Question

A spherical conducting shell of inner radius '$r_1$' and outer radius '$r_2$' has a charge 'Q'. A charge $-q$ is placed at the centre of the shell. The surface charge density on the inner and outer surface of the shell will be

• A. $\frac{q}{4\pi r_1^2}$ and $\frac{Q - q}{4\pi r_2^2}$
• B. $\frac{q}{4\pi r_1^2}$ and $\frac{Q}{4\pi r_2^2}$
• C. $\frac{-q}{4\pi r_1^2}$ and $\frac{Q + q}{4\pi r_2^2}$
• D. zero and $\frac{Q - q}{4\pi r_2^2}$

Hint:

Electrostatic induction inside conductors always acts to mirror charges: a central charge of $-q$ requires an inner surface layout of exactly $+q$. This immediately eliminates option (C) and leaves option (A) as the correct choice!

Answer 1

The Correct Option is A

Let's track the charge distributions across the conducting material layers using electrostatic induction principles: 1. When a charge $-q$ is placed at the hollow center point, it creates an electric field that pulls free electrons away from the inner boundary. This induces an equal and opposite positive charge $+q$ uniformly across the inner surface area ($A_1 = 4\pi r_1^2$). 2. To preserve charge neutrality rules within the bulk metal, this migration leaves behind an equal negative charge $-q$ that moves to the outer boundary.
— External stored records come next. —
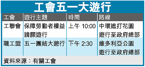 至於有超過三十一萬名會員的工聯會,今年五一也組織「保障勞動者權益」請願遊行,工聯會副理事長梁富華表示,希望透過今次活動,讓工人及自僱人士有吐苦水的機會,從而向社會各界表達心中的訴求。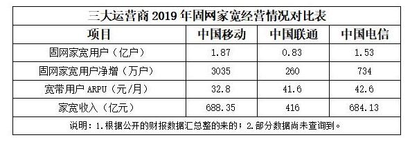 对广大用户来说的最大实惠就是中国移动入场之后,直接迫使中国联通和中国电信跟随降价。工业和信息化部的官方数据显示,2018年我国的宽带价格降幅超过40%。从具体价格方面看,我国的宽带价格从2013年中国移动入场之前的大约70元/月降低到2019年年末时的38元/月附近。三大运营商财报显示,中国移动、中国联通和中国电信的宽带用户ARPU分别为32.8元/月、41.6元/月和42.6元/月。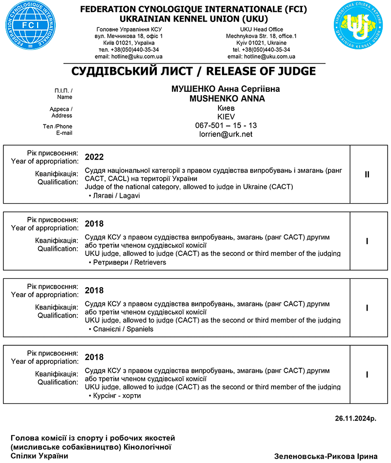 СУДДІ ЗА РОБОЧИМИ ЯКОСТЯМИ СОБАК МИСЛИВСЬКИХ ПОРІД * MUSHENKO ANNA / МУШЕНКО Анна Сергіівна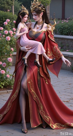 (masterpiece:1.2),best quality,,A woman ,(red|gold|black long dress). black Stockings, high heels,Holding a 6-year-old girl in her arms,,featuring a flowing robe with intricate embroidery and floral accents. A garden filled with pink roses and lush greenery. Soft pastel hues of white,blue,and green,creating a serene atmosphere. Photorealistic photography.,,(huge breasts:2.99),(full breasts:2.99),Xfengmian2,Xzhenxianyingling,XhenrendadiX,Xzhenxianyingling2,XhenrennvdiX,XgangshouCOS,Xgangshou,XMedusaQueen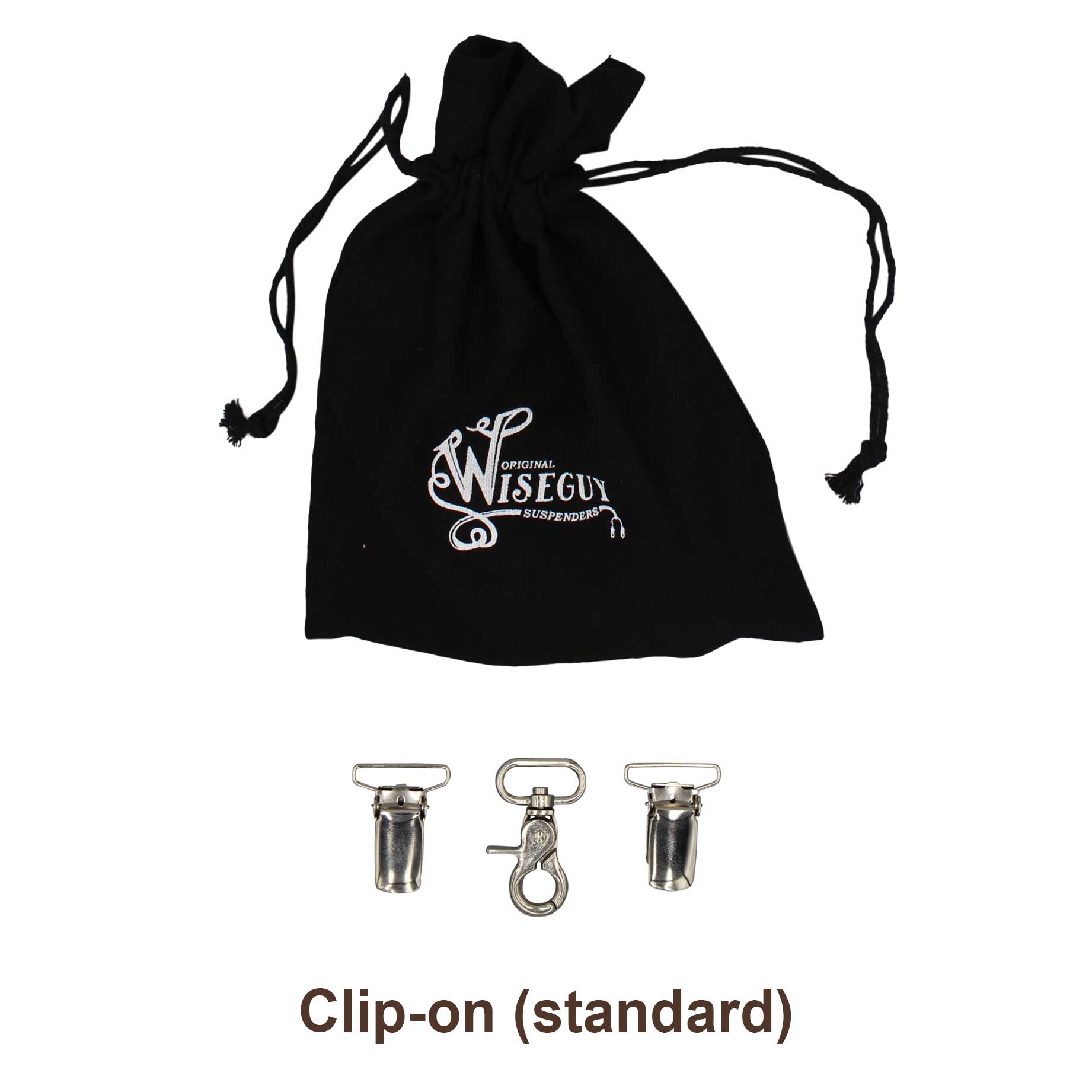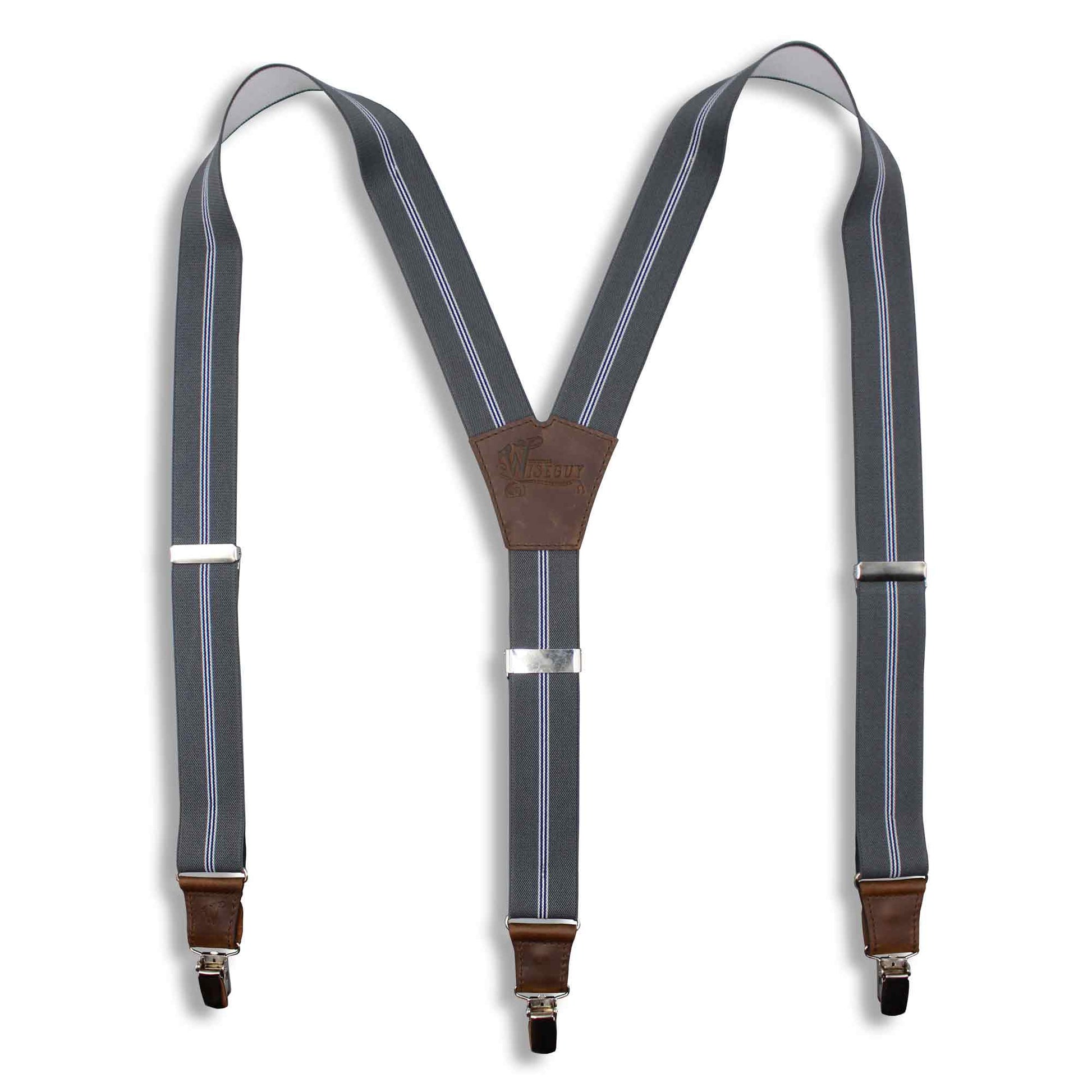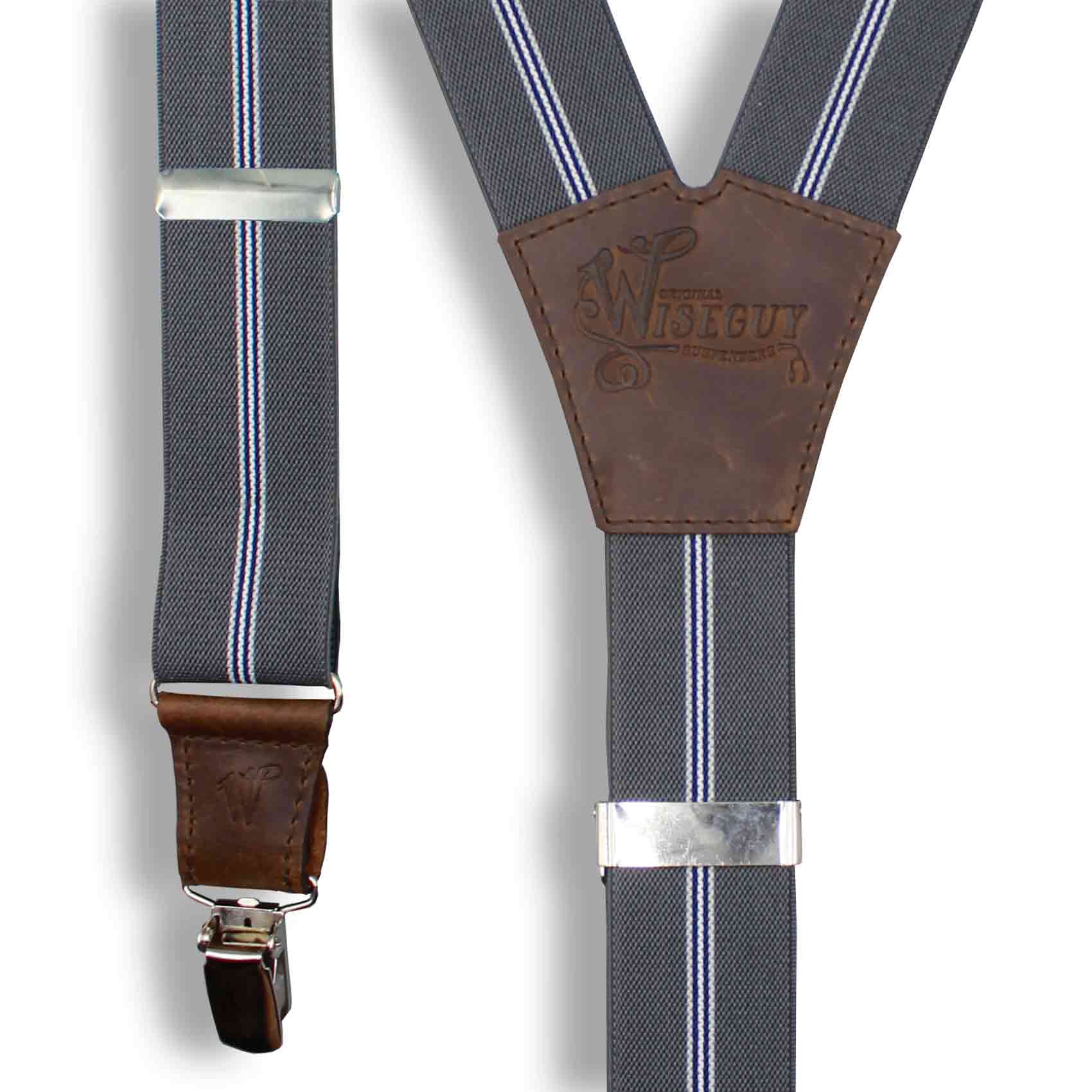 Executed in European crafted wide (1.3 inch / 3.5 cm) striped European elastic and equipped with dark brown USA nubuck and silver colored metal parts make these Wiseguy's the perfect suspenders to never let you down. Combine perfectly well with almost any suit, dress jacket or on a black or white shirt with your favorite denim.

Since the shell initially held a net background charge $Q$, the updated net charge residing on the outer boundary surface becomes $(Q - q)$. Surface charge density ($\sigma$) is defined as total charge divided by surface area ($\sigma = \frac{\text{Charge}}{\text{Area}}$): * Inner surface density: $\sigma_{\text{inner}} = \frac{q}{4\pi r_1^2}$ * Outer surface density: $\sigma_{\text{outer}} = \frac{Q - q}{4\pi r_2^2}$
Final Answer:
The surface charge densities correspond to option (A).